2007-06-11 18:53:12 | 適正手続(裁判員・可視化など)
東京新聞が6月9日付朝刊特報面で、日弁連主催のシンポジウム「えん罪を生み出す取り調べの実態」を取り上げている。そこで、明らかとなったのは、【机を叩(たた)いて脅し、「おふくろさんが泣いてるぞ」「カツ丼食うか」とたたみかける-刑事ドラマの取り調べ風景は、なんと実在していた】(東京新聞)ことだった。すでに【調べの全面可視化(録画・録音)や弁護士立ち会いが当たり前の各国が腰を抜かす日本式調べ。濡(ぬ)れ衣(ぎぬ)を着せられた冤罪(えんざい)被害者たちの証言で、その実態が白日の下にさらされた】(同上)。

 このシンポの圧巻は、服役後、真犯人が明らかとなった「富山事件」の被告人のケースだ。逮捕される前の任意の取り調べが午前9時半から午後11時まで、しかも夕食抜き、これだけで拷問だ。

 しかも、強引に虚偽の「自白」をさせられた後、被害者宅の見取り図を描けと言われ、描けないでいたら、「刑事が『肩の力を抜け』と。力を抜いたら、僕の右手の上に刑事の手が乗って、刑事の手で見取り図を描いた」という。

 そして、アリバイを証言したバーのママさんの調書を35年間も隠し続けられた布川事件の被告人は、次のようにいう。「なぜ、裁判官は(警察や検察がつくる)自白調書を信用してしまうのでしょうね? 司法試験に通る人たちは、人間の弱さ、ウソの自白をしてしまう弱さを理解できないんじゃないでしょうか」。
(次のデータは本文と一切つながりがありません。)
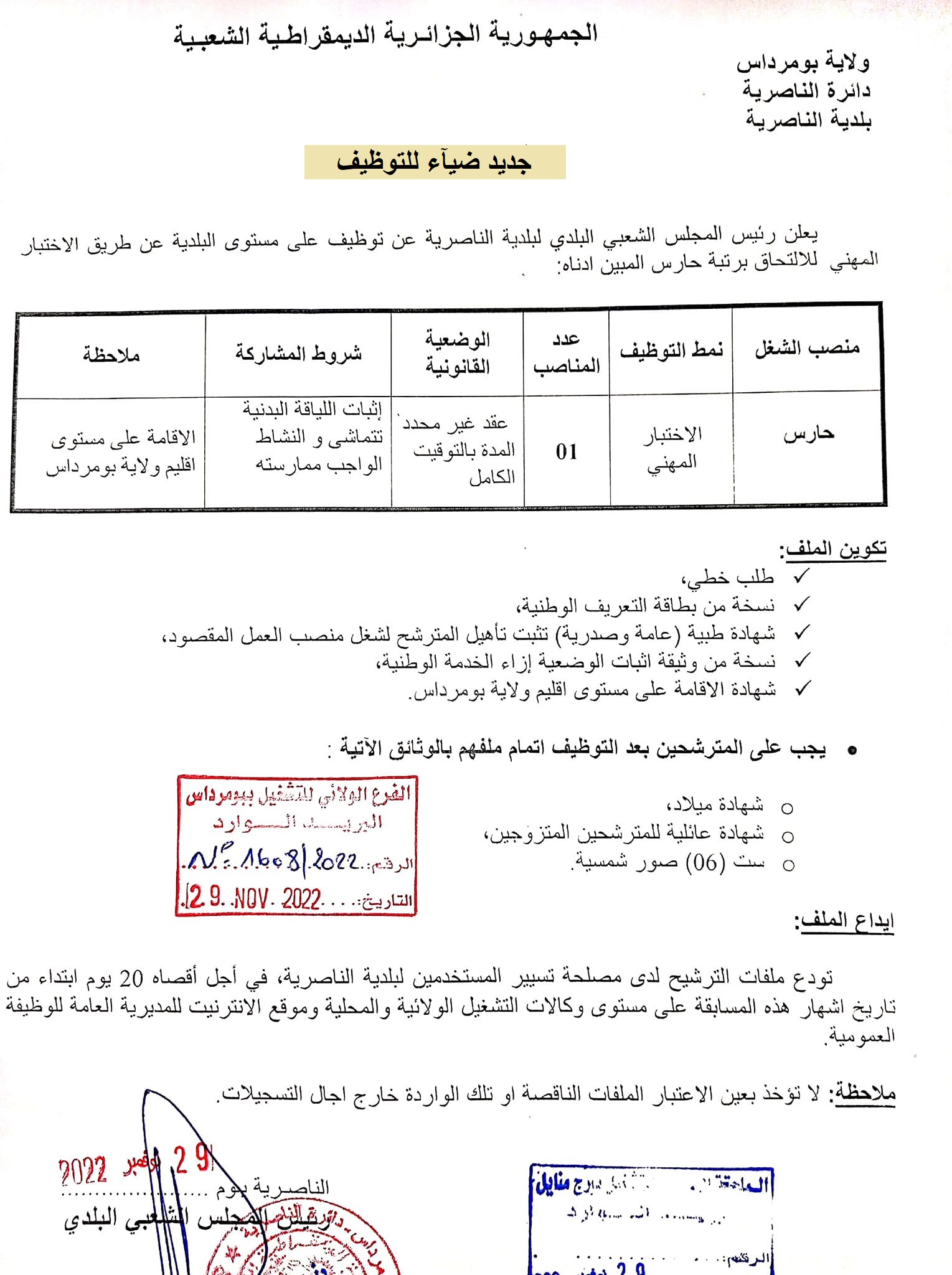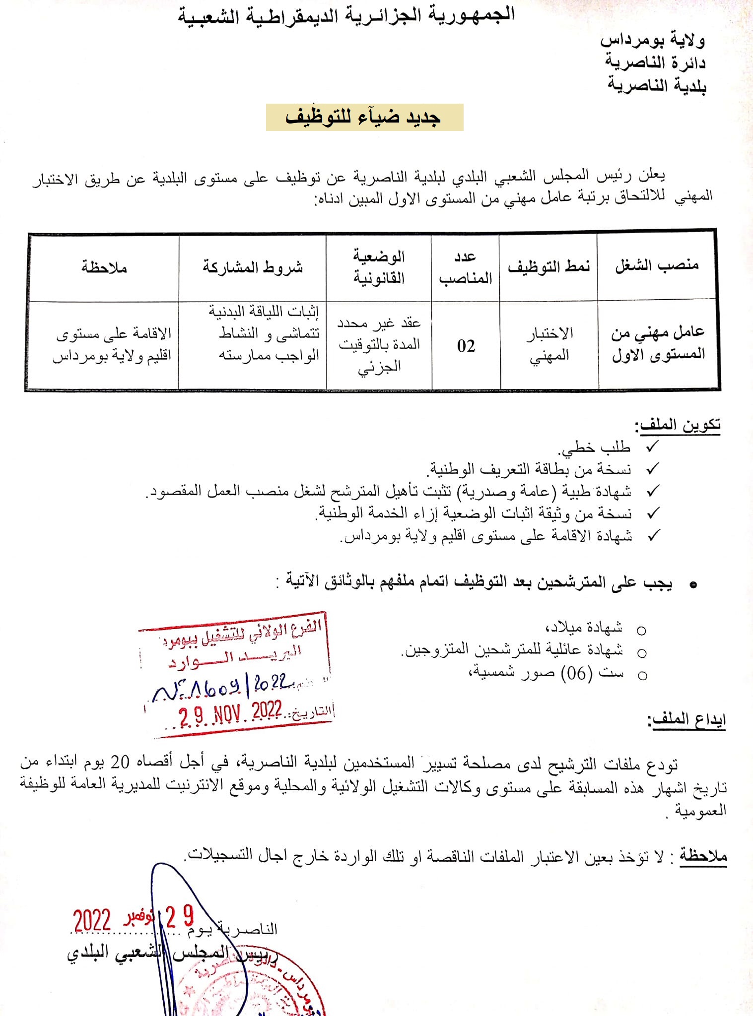 اعلان عن توظيف ببلدية الناصرية بولاية بومرداس

 そして、記事では、だめ押しするように、先進各国で取り調べの可視化が当たり前となっている状況が紹介されている。日本の状況は、司法に携わる全ての者に責任がある。悪い奴らに人権はない、そういう議論が間違っていることを理解してもらう努力を日弁連はどれだけ行ってきたか?例えば、日弁連のホームページ上で、富山事件の偽りの調書を掲載してビジュアルに訴えるような努力をなぜ、しないのか?

 法務省が悪い、政府が悪い、と言う前に、自分達の努力の足りなさとなぜそのような事態に至るのかについての反省をする必要がある。裁判員制度導入を機に、取り調べの全過程の録音、録画を必ず実現するべく、弁護士会が一丸となって努力するべきではないでしょうか!